• **Prompt**
Return nothing but the lines from the one with "6月2日下午,外语公司在同和" through the one with "says Mohammad Aftab." in the data below, word for word and without pictures.

• **Input data**

┄┄┄┄┄┄┄┄┄┄┄┄┄┄┄┄┄┄┄┄

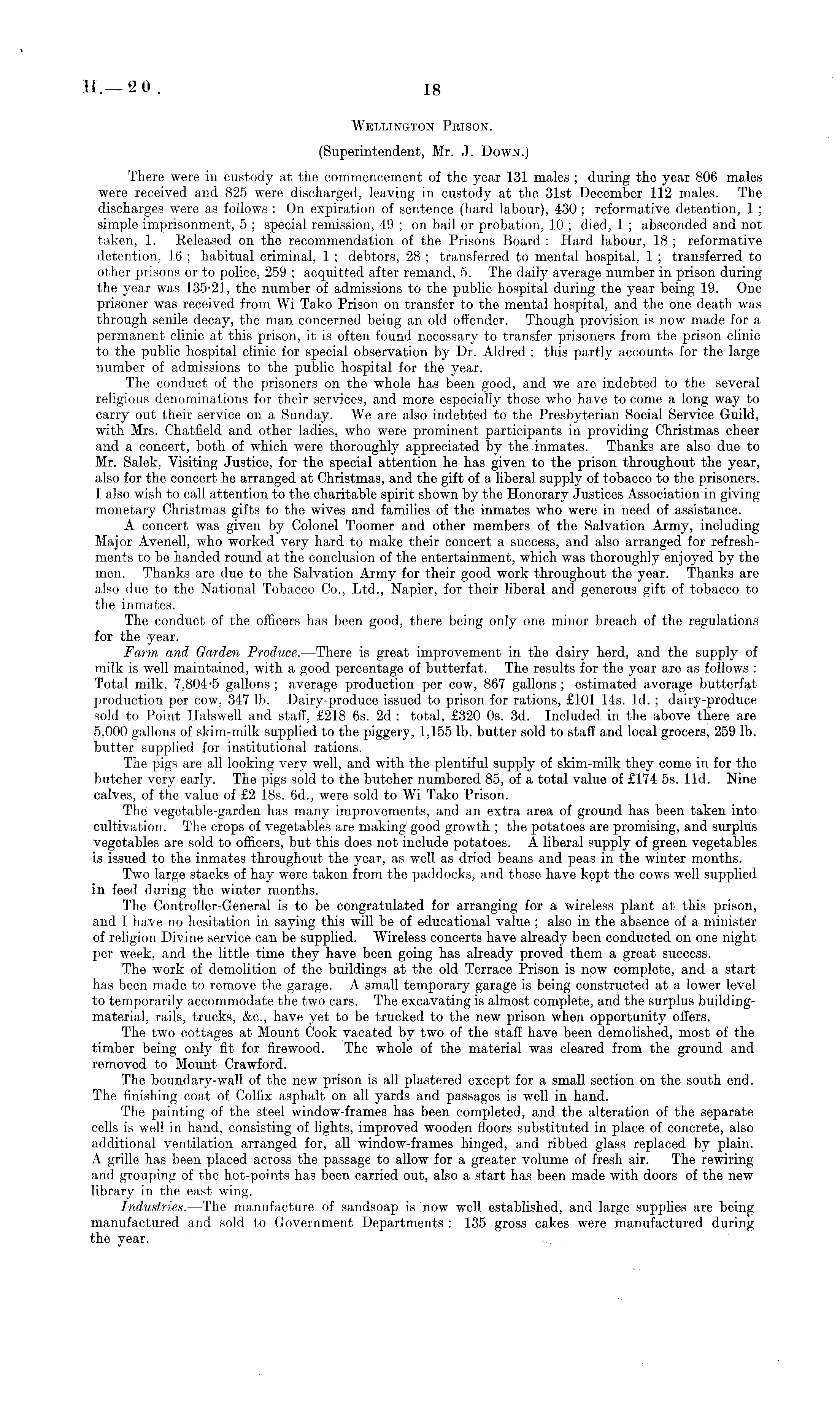 Wellington Prison. (Superintendent, Mr. J. Down.) There were in custody at the commencement of the year 131 males ; during the year 806 males were received and 825 were discharged, leaving in custody at the 31st December 112 males. The discharges were as follows : On expiration of sentence (hard labour), 430 ; reformative detention, 1 ; simple imprisonment, 5 ; special remission, 49 ; on bail or probation, 10 ; died, 1 ; absconded and not taken, 1. Released on the recommendation of the Prisons Board: Hard labour, 18; reformative detention, 16 ; habitual criminal, 1 ; debtors, 28 ; transferred to mental hospital, 1 ; transferred to other prisons or to police, 259 ; acquitted after remand, 5. The daily average number in prison during the year was 135-21, the number of admissions to the public hospital during the year being 19. One prisoner was received from Wi Tako Prison on transfer to the mental hospital, and the one death was through senile decay, the man concerned being an old offender. Though provision is now made for a permanent clinic at this prison, it is often found necessary to transfer prisoners from the prison clinic to the public hospital clinic for special observation by Dr. Aldred : this partly accounts for the large number of admissions to the public hospital for the year. The conduct of the prisoners on the whole has been good, and we are indebted to the several religious denominations for their services, and more especially those who have to come a long way to carry out their service on a Sunday. We are also indebted to the Presbyterian Social Service Guild, with Mrs. Chatfield and other ladies, who were prominent participants in providing Christmas cheer and a concert, both of which were thoroughly appreciated by the inmates. Thanks are also due to Mr. Salek, Visiting Justice, for the special attention he has given to the prison throughout the year, also for the concert he arranged at Christmas, and the gift of a liberal supply of tobacco to the prisoners. I also wish to call attention to the charitable spirit shown by the Honorary Justices Association in giving monetary Christmas gifts to the wives and families of the inmates who were in need of assistance. A concert was given by Colonel Toomer and other members of the Salvation Army, including Major Avenell, who worked very hard to make their concert a success, and also arranged for refreshments to be handed round at the conclusion of the entertainment, which was thoroughly enjoyed by the men. Thanks are due to the Salvation Army for their good work throughout the year. Thanks are also due to the National Tobacco Co., Ltd., Napier, for their liberal and generous gift of tobacco to the inmates. The conduct of the officers has been good, there being only one minor breach of the regulations for the year. Farm and Garden Produce. —There is great improvement in the dairy herd, and the supply of milk is well maintained, with a good percentage of butterfat. The results for the year are as follows : Total milk, 7,804-5 gallons ; average production per cow, 867 gallons ; estimated average butterfat production per cow, 347 lb. Dairy-produce issued to prison for rations, £101 14s. Id. ; dairy-produce sold to Point Halswell and staff, £218 6s. 2d : total, £320 os. 3d. Included in the above there are 5,000 gallons of skim-milk supplied to the piggery, 1,155 lb. butter sold to staff and local grocers, 259 lb. butter supplied for institutional rations. The pigs are all looking very well, and with the plentiful supply of skim-milk they come in for the butcher very early. The pigs sold to the butcher numbered 85, of a total value of £174 ss. lid. Nine calves, of the value of £2 18s. 6d., were sold to Wi Tako Prison. The vegetable-garden has many improvements, and an extra area of ground has been taken into cultivation. The crops of vegetables are making good growth ; the potatoes are promising, and surplus vegetables are sold to officers, but this does not include potatoes. A liberal supply of green vegetables is issued to the inmates throughout the year, as well as dried beans and peas in the winter months. Two large stacks of hay were taken from the paddocks, and these have kept the cows well supplied in feed during the winter months. The Controller-General is to be congratulated for arranging for a wireless plant at this prison, and I have no hesitation in saying this will be of educational value ; also in the absence of a minister of religion Divine service can be supplied. Wireless concerts have already been conducted on one night per week, and the little time they have been going has already proved them a great success. The work of demolition of the buildings at the old Terrace Prison is now complete, and a start has been made to remove the garage. A small temporary garage is being constructed at a lower level to temporarily accommodate the two cars. The excavating is almost complete, and the surplus buildingmaterial, rails, trucks, &c., have yet to be trucked to the new prison when opportunity offers. The two cottages at Mount Cook vacated by two of the staff have been demolished, most of the timber being only fit for firewood. The whole of the material was cleared from the ground and removed to Mount Crawford. The boundary-wall of the new prison is all plastered except for a small section on the south end. The finishing coat of Colfix asphalt on all yards and passages is well in hand. The painting of the steel window-frames has been completed, and the alteration of the separate cells is well in hand, consisting of lights, improved wooden floors substituted in place of concrete, also additional ventilation arranged for, all window-frames hinged, and ribbed glass replaced by plain. A grille has been placed across the passage to allow for a greater volume of fresh air. The rewiring and grouping of the hot-points has been carried out, also a start has been made with doors of the newlibrary in the east wing. Industries. —Th
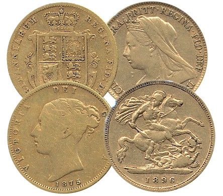 Great Britain; Gold 1875 and 1896 1/2 Sovereign. Lot of 2 coins VG to VF.
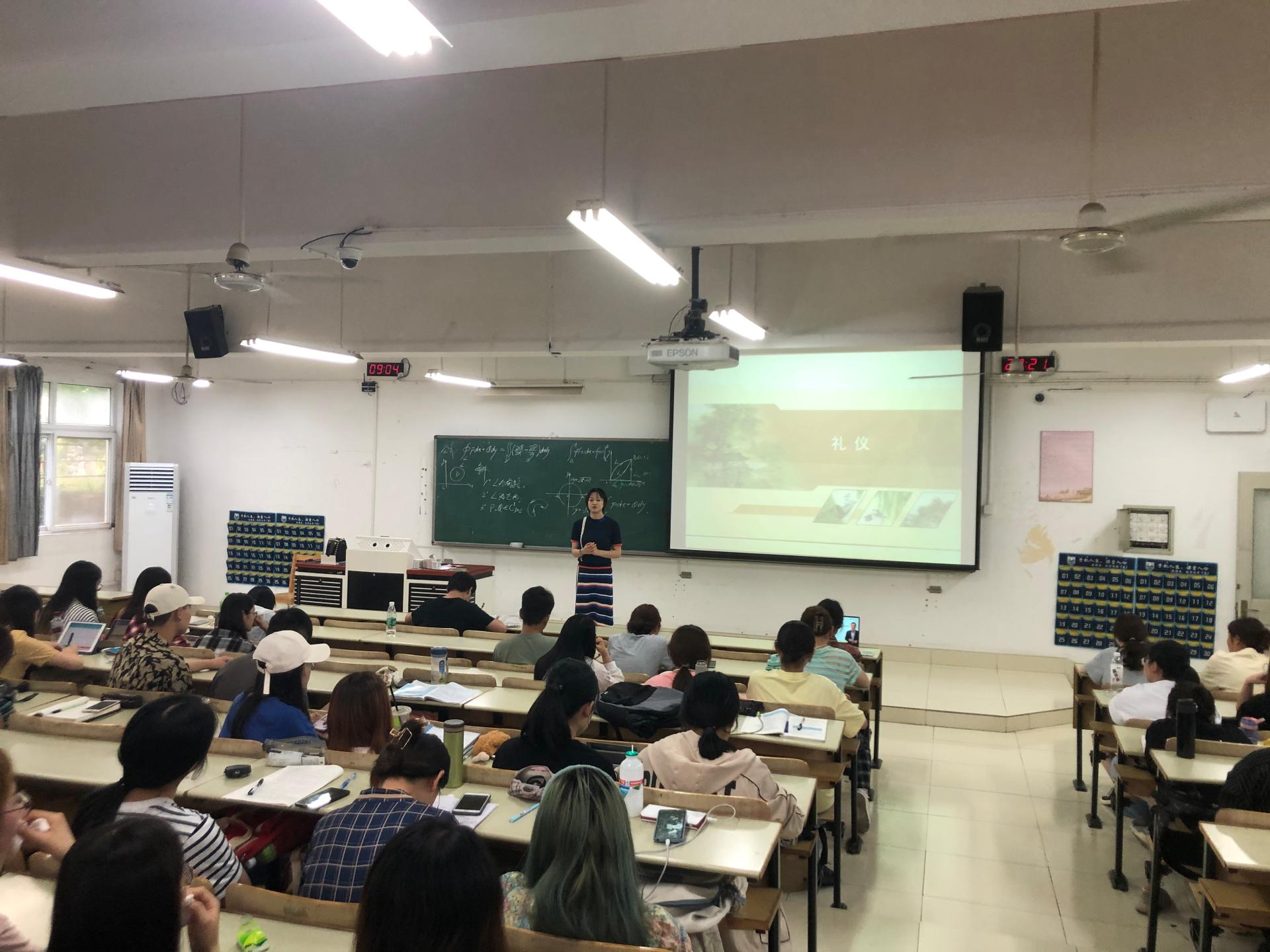 6月2日下午,外语公司在同和楼313开展了‘外语+’就业能力提升课堂之“职场女性妆容和礼仪辅导”的讲座,特邀南京旅游职业公司倪洁教授做主讲人,外语公司18级全体员工参与了此次讲座。
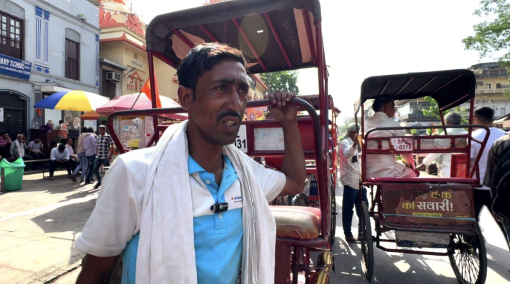“There is so much heat. I get thirsty after a bit when I pull my rickshaw with passengers sitting in it. I step off to drink water. Without that, I can’t pull the passenger,” says Mohammad Aftab.
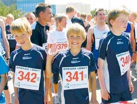 Sundhedsugen startede officielt lørdag den 31. maj og slutter på søndag den 8. juni. Men man kan måske sige, at den tyvstartede allerede den 24. maj, idet Grenaa Løbet 2008 blev skudt i gang. Her ses tre raske drenge lige før løbet blev skudt i gang. Der var i øvrigt rekorddeltagelse i år med næsten 500 løbsdeltagere.
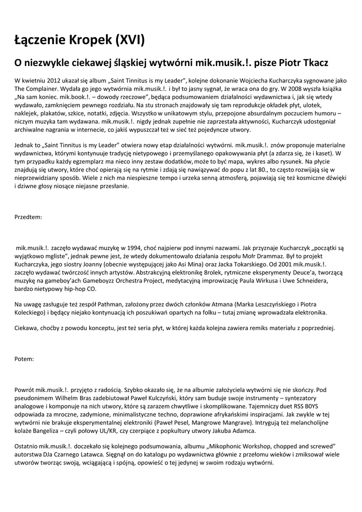 Łączenie Kropek (XVI) O niezwykle ciekawej śląskiej wytwórni mik.musik.!. pisze Piotr Tkacz W kwietniu 2012 ukazał się album „Saint Tinnitus is my Leader”, kolejne dokonanie Wojciecha Kucharczyka sygnowane jako The Complainer. Wydała go jego wytwórnia mik.musik.!. i był to jasny sygnał, że wraca ona do gry. W 2008 wyszła książka „Na sam koniec. mik.book.!. – dowody rzeczowe”, będąca podsumowaniem działalności wydawnictwa i, jak się wtedy wydawało, zamknięciem pewnego rozdziału. Na stu stronach znajdowały się tam reprodukcje okładek płyt, ulotek, naklejek, plakatów, szkice, notatki, zdjęcia. Wszystko w unikatowym stylu, przepojone absurdalnym poczuciem humoru – niczym muzyka tam wydawana. mik.musik.!. nigdy jednak zupełnie nie zaprzestała aktywności, Kucharczyk udostępniał archiwalne nagrania w internecie, co jakiś wypuszczał też w sieć też pojedyncze utwory. Jednak to „Saint Tinnitus is my Leader” otwiera nowy etap działalności wytwórni. mik.musik.!. znów proponuje materialne wydawnictwa, którymi kontynuuje tradycję nietypowego i przemyślanego opakowywania płyt (a zdarza się, że i kaset). W tym przypadku każdy egzemplarz ma nieco inny zestaw dodatków, może to być mapa, wykres albo rysunek. Na płycie znajdują się utwory, które choć opierają się na rytmie i zdają się nawiązywać do popu z lat 80., to często rozwijają się w nieprzewidziany sposób. Wiele z nich ma niespieszne tempo i urzeka senną atmosferą, pojawiają się też kosmiczne dźwięki i dziwne głosy niosące niejasne przesłanie. Przedtem: mik.musik.!. zaczęło wydawać muzykę w 1994, choć najpierw pod innymi nazwami. Jak przyznaje Kucharczyk „początki są wyjątkowo mgliste”, jednak pewne jest, że wtedy dokumentowało działania zespołu Mołr Drammaz. Był to projekt Kucharczyka, jego siostry Joanny (obecnie występującej jako Asi Mina) oraz Jacka Tokarskiego. Od 2001 mik.musik.!. zaczęło wydawać twórczość innych artystów. Abstrakcyjną elektronikę 8rolek, rytmiczne eksperymenty Deuce’a, tworzącą muzykę na gameboy’ach Gameboyzz Orchestra Project, medytacyjną improwizację Paula Wirkusa i Uwe Schneidera, bardzo nietypowy hip-hop CO. Na uwagę zasługuje też zespół Pathman, założony przez dwóch członków Atmana (Marka Leszczyńskiego i Piotra Koleckiego) i będący niejako kontynuacją ich poszukiwań opartych na folku – tutaj zmianę wprowadzała elektronika. Ciekawa, choćby z powodu konceptu, jest też seria płyt, w której każda kolejna zawiera remiks materiału z poprzedniej. Potem: Powrót mik.musik.!. przyjęto z radością. Szybko okazało się, że na albumie założyciela wytwórni się nie skończy. Pod pseudonimem Wilhelm Bras zadebiutował Paweł Kulczyński, który sam buduje swoje instrumenty – syntezatory analogowe i komponuje na nich utwory, które są zarazem chwytliwe i skomplikowane. Tajemniczy duet RSS B0YS odpowiada za mroczne, zadymione, minimalistyczne techno, doprawione afrykańskimi inspiracjami. Jak zwykle w tej wytwórni nie brakuje eksperymentalnej elektroniki (Paweł Pesel, Mangrowe Mangrave). Intrygują też melancholijne kolaże Bangeliza – czyli połowy UL/KR, czy czerpiące z popkultury utwory Jakuba Adamca. Ostatnio mik.musik.!. doczekało się kolejnego podsumowania, albumu „Mikophonic Workshop, chopped and screwed” autorstwa DJa Czarnego Latawca. Sięgnął on do katalogu po wydawnictwa głównie z przełomu wieków i zmiksował wiele utworów tworząc swoją, wciągającą i spójną, opowieść o tej jedynej w swoim rodzaju wytwórni. Posłuchaj wszystkich wydawnictw mik.musik.!.: http://mikmusikarchive.bandcamp.com. Piotr TKACZ
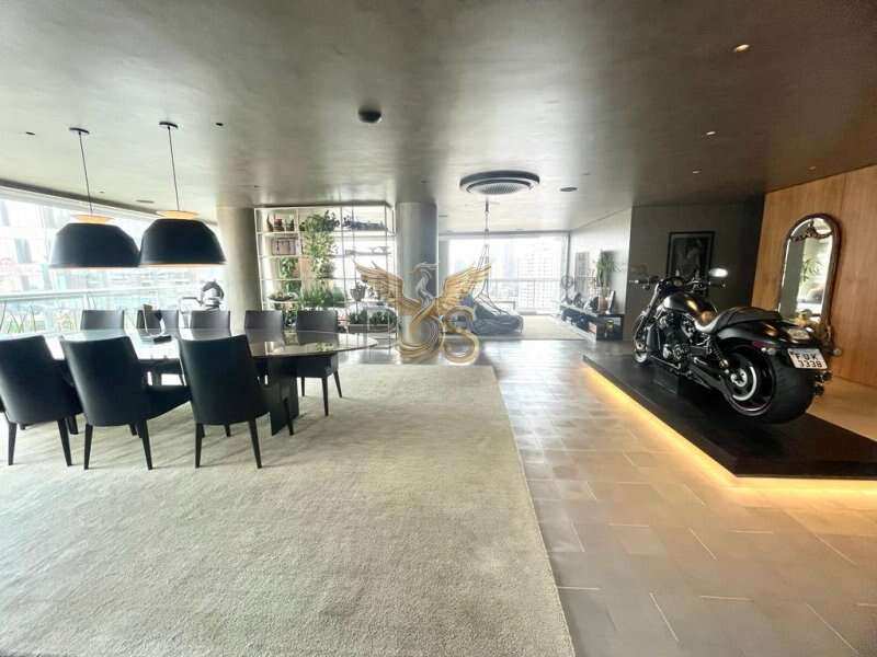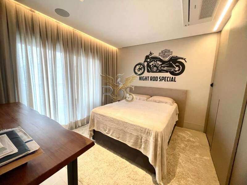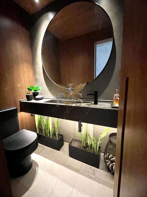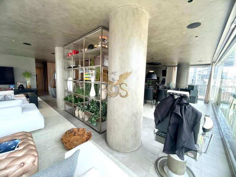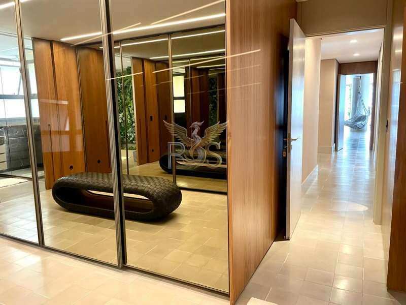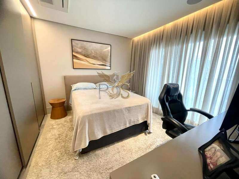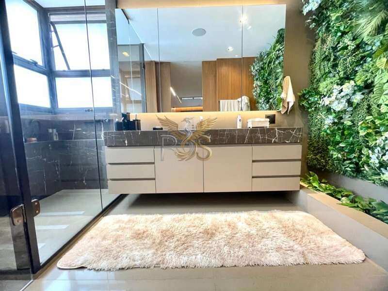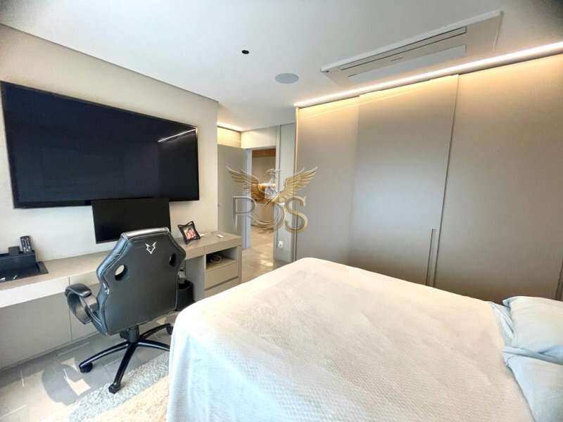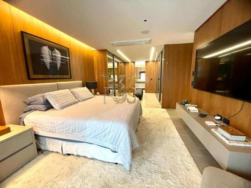 O imóvel tem 3 quartos, sendo 3 suítes, possui 5 banheiros, 3 salas e 5 vagas de garagem.

┄┄┄┄┄┄┄┄┄┄┄┄┄┄┄┄┄┄┄┄

• **Response**
 6月2日下午,外语公司在同和楼313开展了‘外语+’就业能力提升课堂之“职场女性妆容和礼仪辅导”的讲座,特邀南京旅游职业公司倪洁教授做主讲人,外语公司18级全体员工参与了此次讲座。
“There is so much heat. I get thirsty after a bit when I pull my rickshaw with passengers sitting in it. I step off to drink water. Without that, I can’t pull the passenger,” says Mohammad Aftab.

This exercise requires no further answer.